* **INPUT DATA**
=== Begin Enclosure ===
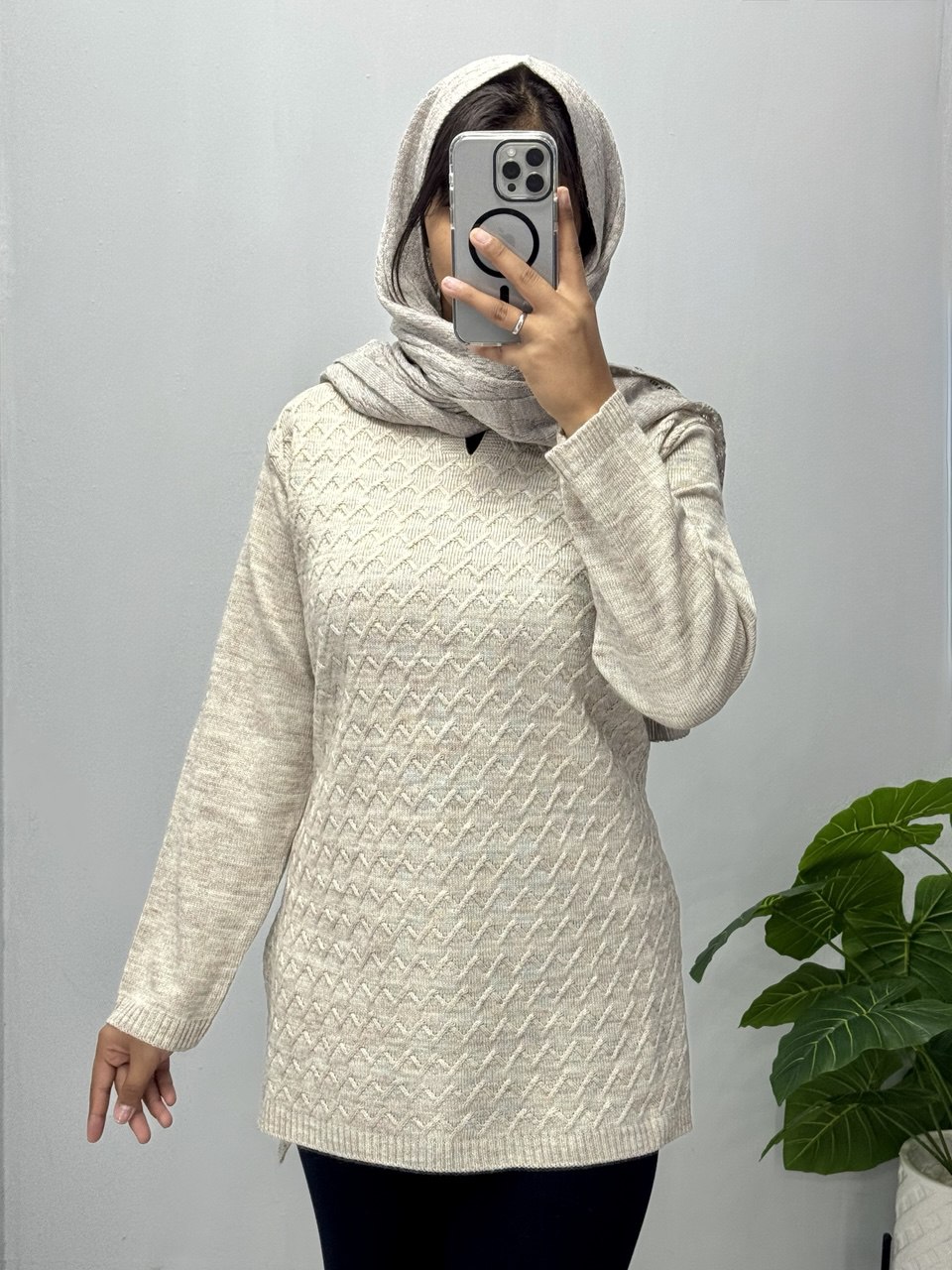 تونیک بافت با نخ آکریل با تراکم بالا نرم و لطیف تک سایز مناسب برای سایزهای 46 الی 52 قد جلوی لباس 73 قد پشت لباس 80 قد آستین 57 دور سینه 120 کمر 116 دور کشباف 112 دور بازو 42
=== End Enclosure ===
=== Begin Enclosure ===
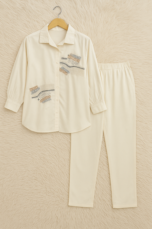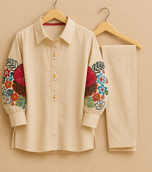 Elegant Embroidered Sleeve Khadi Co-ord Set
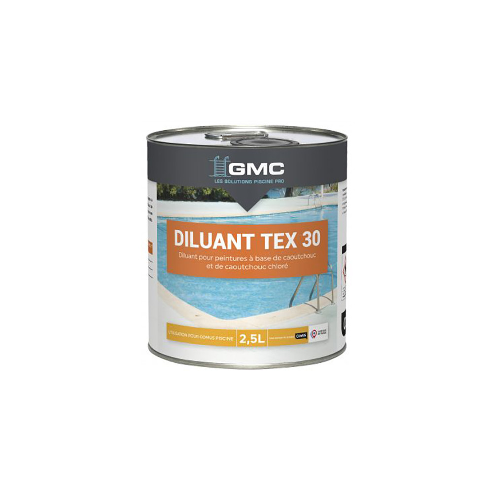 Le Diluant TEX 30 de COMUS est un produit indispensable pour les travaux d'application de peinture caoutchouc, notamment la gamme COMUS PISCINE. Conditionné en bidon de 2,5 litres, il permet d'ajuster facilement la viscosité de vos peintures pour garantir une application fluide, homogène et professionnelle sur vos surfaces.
=== End Enclosure ===
* **PROBLEM DESCRIPTION**
Skipping every picture, transcribe exactly the lines above from the one containing "Elegant Embroidered Sleeve Khadi Co-ord Set" through the one containing "Le Diluant TEX", both included.

* **TASK OUTPUT**
 Elegant Embroidered Sleeve Khadi Co-ord Set
 Le Diluant TEX 30 de COMUS est un produit indispensable pour les travaux d'application de peinture caoutchouc, notamment la gamme COMUS PISCINE. Conditionné en bidon de 2,5 litres, il permet d'ajuster facilement la viscosité de vos peintures pour garantir une application fluide, homogène et professionnelle sur vos surfaces.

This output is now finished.